Output the data below exactly, images excluded.

Data for the task |

◆ ◆ ◆ ◆

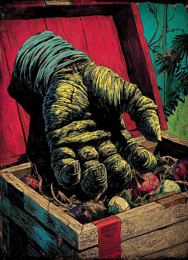 He sat alone in the darkness, gazing at the dying fire, and seeing faces in it. The last face was so horrible and so simian that he gazed at it in amazement. It got so vivid that, with a little uneasy laugh, he felt on the table for a glass containing a little water to throw over it. His hand grasped the monkey’s paw, and with a little shiver he wiped his hand on his coat and went up to bed.
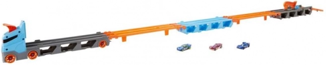 Feel the excitement of high-speed racing! Thanks to the lever at the end of the track, the first car can finish the race while the second is stopped. The Racing Transporter can be connected to other Hot Wheels City playsets (sold separately), allowing you to create your own racing route.
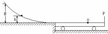 25、(20分)如图所示,光滑固定斜槽轨道的水平出口和停在光滑水平面上的平板小车上表面相平,小车的右端固定一个弹性挡板。质量为m的小物块从光滑斜槽轨道上由静止开始下滑,滑上平板小车,使得小车在光滑水平面上滑动。第一次小物块从光滑斜槽轨道上高为h处由静止开始下滑,小物块最终停在平板车上的O点。第二次小物块从光滑斜槽轨道上某处(图中H高处)由静止开始下滑,小物块能够到达小车右端与弹性挡板P相碰后仍停在O点。已知平板小车的质量为3m,O点到右端弹性板的距离是车长的
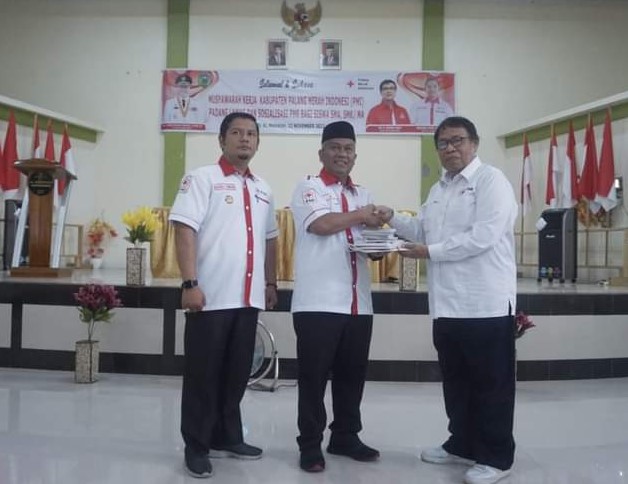 “Pengurus PMI mewakili dari berbagai unsur, ada dari BNPB, Kesehatan, relawan yang saling melengkapi dan mendukung dalam kesiapsiagaan dan penanganan bencana serta menangani tugas kemanusiaan lainnya. Dan kepada siswa SMA sederajat yang akan mengikuti sosialisasi Palang Merah Remaja selaku cikal bakal relawan PMI masa depan, diharapkan bisa mengambil ilmu pada kegiatan ini,” tandas Plt. Bupati
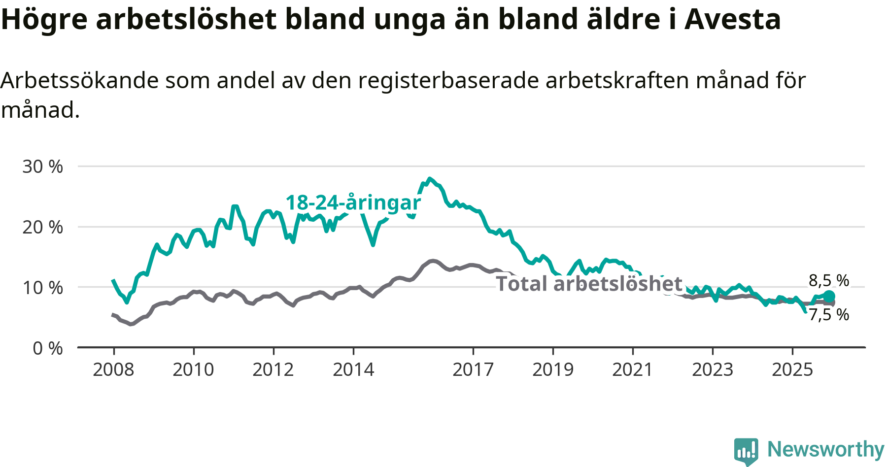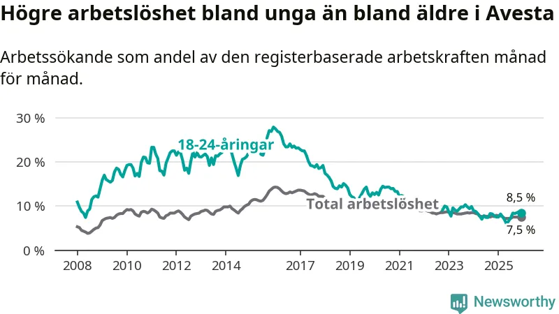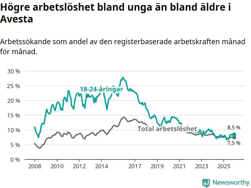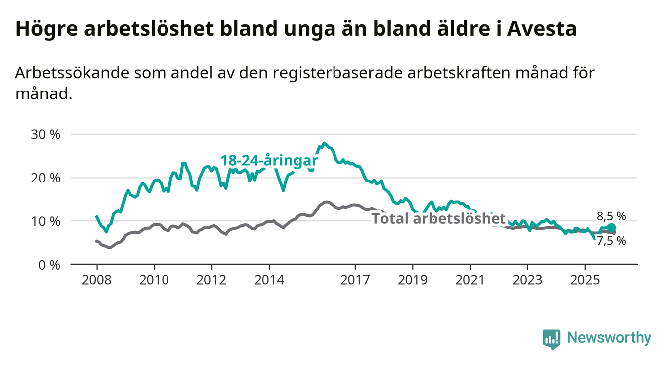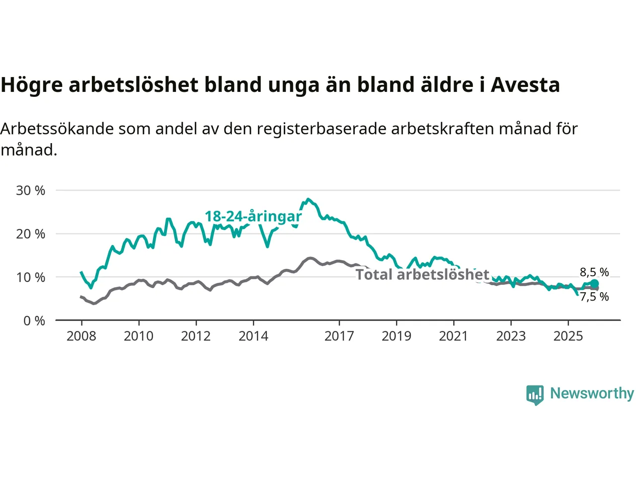 Precis som den totala arbetslösheten ligger ungdomsarbetslösheten i Avesta högre än i Dalarna som helhet. Skillnaden mellan kommunen och länet är 2,6 procentenheter.
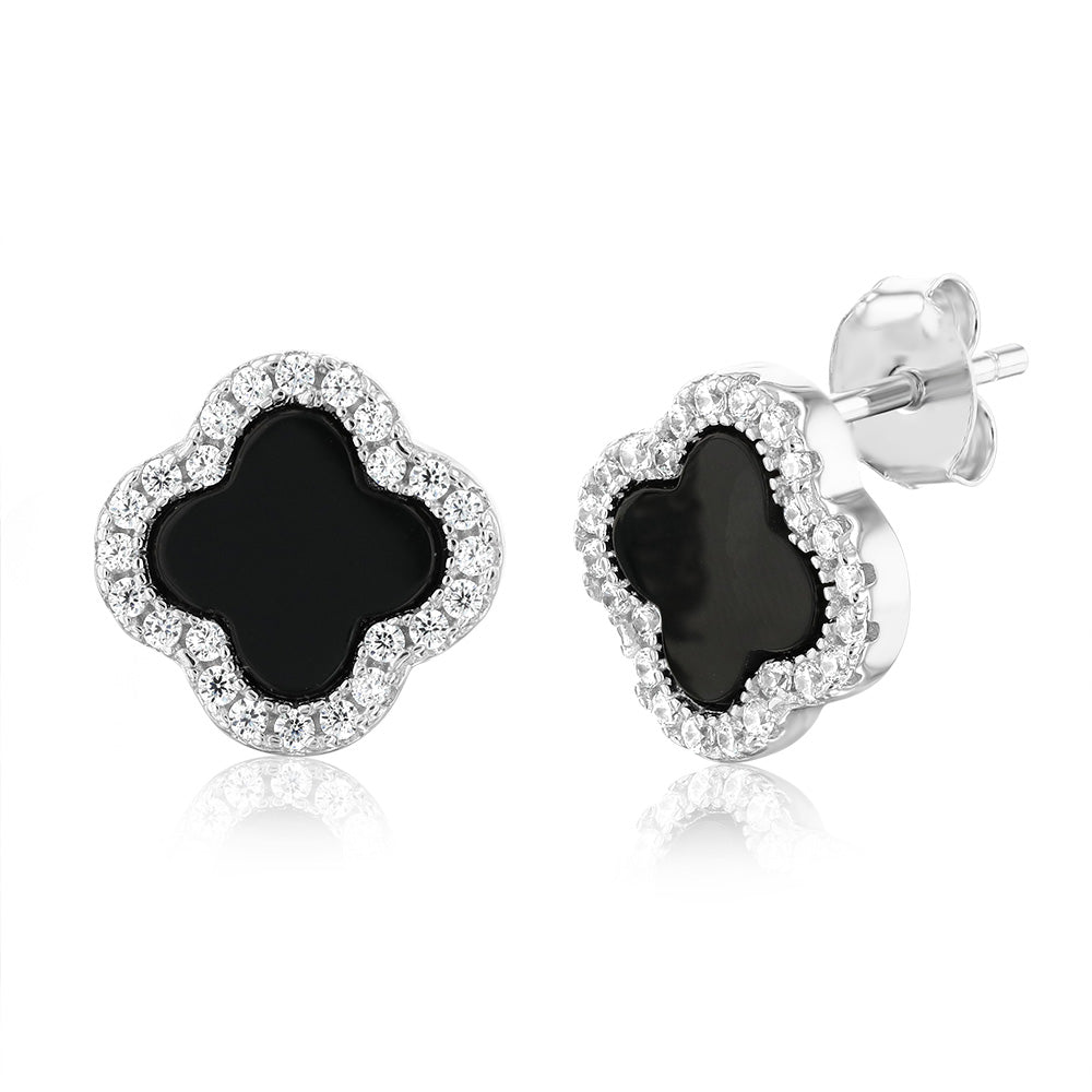 Clover Black Agate & White Cubic Zirconia Stud Earrings in Sterling Silver Rhodium Plated
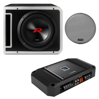 Alpine R-SB10V Pre-Loaded R-Series 10-inch Subwoofer Enclosure, Alpine R-A75M 750 Watt Mono Amplifier, and Wiring Kit
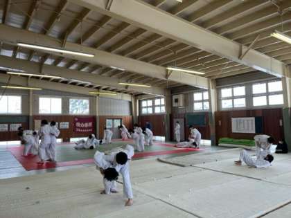 写真下:2年3組 体育 ※『大腰』という投げ技の練習中です。
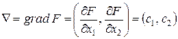 Для нахождения экстремума целевой функции F воспользуемся вектором набла - градиентом F:
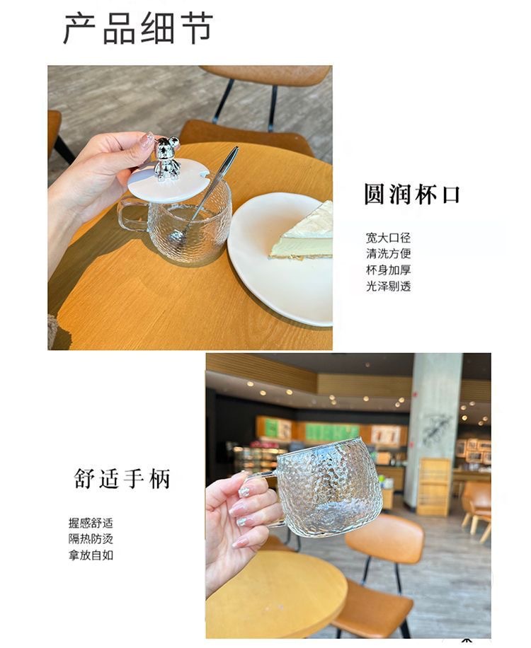 베어 마크 유리 물 컵 빙하 찻잔 가정용 꽃 찻잔 내열 유리 망치 패턴 컵 도매스토어 가기
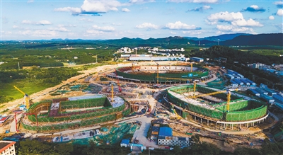 近日,俯瞰儋州市体育中心“一场两馆”项目建设现场,“一场两馆”雏形初现。
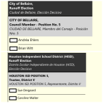 Polls will be open from 7 a.m.-7 p.m. Saturday (Dec. 11) — including at Bellaire and West University city halls — to decide who will fill the last of seven seats at the Bellaire City Council table and who will represent local communities on the Houston ISD school board. Andréa Ehlers and Brian Witt are facing off for Bellaire Council Position 5, and incumbent Sue Deigaard of … [Read more...] about Saturday runoff will determine future of Bellaire council, HISD board
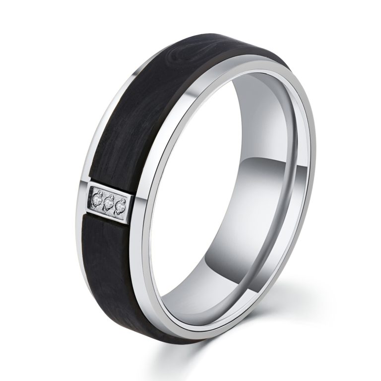 316L Stainless Steel & Forged Carbon Fiber Ring with Black IP Plated and 3pcs White Stones CNC inlaid

◆ ◆ ◆ ◆

Solution to the problem |
 He sat alone in the darkness, gazing at the dying fire, and seeing faces in it. The last face was so horrible and so simian that he gazed at it in amazement. It got so vivid that, with a little uneasy laugh, he felt on the table for a glass containing a little water to throw over it. His hand grasped the monkey’s paw, and with a little shiver he wiped his hand on his coat and went up to bed.
 Feel the excitement of high-speed racing! Thanks to the lever at the end of the track, the first car can finish the race while the second is stopped. The Racing Transporter can be connected to other Hot Wheels City playsets (sold separately), allowing you to create your own racing route.
 25、(20分)如图所示,光滑固定斜槽轨道的水平出口和停在光滑水平面上的平板小车上表面相平,小车的右端固定一个弹性挡板。质量为m的小物块从光滑斜槽轨道上由静止开始下滑,滑上平板小车,使得小车在光滑水平面上滑动。第一次小物块从光滑斜槽轨道上高为h处由静止开始下滑,小物块最终停在平板车上的O点。第二次小物块从光滑斜槽轨道上某处(图中H高处)由静止开始下滑,小物块能够到达小车右端与弹性挡板P相碰后仍停在O点。已知平板小车的质量为3m,O点到右端弹性板的距离是车长的
 “Pengurus PMI mewakili dari berbagai unsur, ada dari BNPB, Kesehatan, relawan yang saling melengkapi dan mendukung dalam kesiapsiagaan dan penanganan bencana serta menangani tugas kemanusiaan lainnya. Dan kepada siswa SMA sederajat yang akan mengikuti sosialisasi Palang Merah Remaja selaku cikal bakal relawan PMI masa depan, diharapkan bisa mengambil ilmu pada kegiatan ini,” tandas Plt. Bupati
 Precis som den totala arbetslösheten ligger ungdomsarbetslösheten i Avesta högre än i Dalarna som helhet. Skillnaden mellan kommunen och länet är 2,6 procentenheter.
 Clover Black Agate & White Cubic Zirconia Stud Earrings in Sterling Silver Rhodium Plated
 Alpine R-SB10V Pre-Loaded R-Series 10-inch Subwoofer Enclosure, Alpine R-A75M 750 Watt Mono Amplifier, and Wiring Kit
 写真下:2年3組 体育 ※『大腰』という投げ技の練習中です。
 Для нахождения экстремума целевой функции F воспользуемся вектором набла - градиентом F:
 베어 마크 유리 물 컵 빙하 찻잔 가정용 꽃 찻잔 내열 유리 망치 패턴 컵 도매스토어 가기
 近日,俯瞰儋州市体育中心“一场两馆”项目建设现场,“一场两馆”雏形初现。
 Polls will be open from 7 a.m.-7 p.m. Saturday (Dec. 11) — including at Bellaire and West University city halls — to decide who will fill the last of seven seats at the Bellaire City Council table and who will represent local communities on the Houston ISD school board. Andréa Ehlers and Brian Witt are facing off for Bellaire Council Position 5, and incumbent Sue Deigaard of … [Read more...] about Saturday runoff will determine future of Bellaire council, HISD board
 316L Stainless Steel & Forged Carbon Fiber Ring with Black IP Plated and 3pcs White Stones CNC inlaid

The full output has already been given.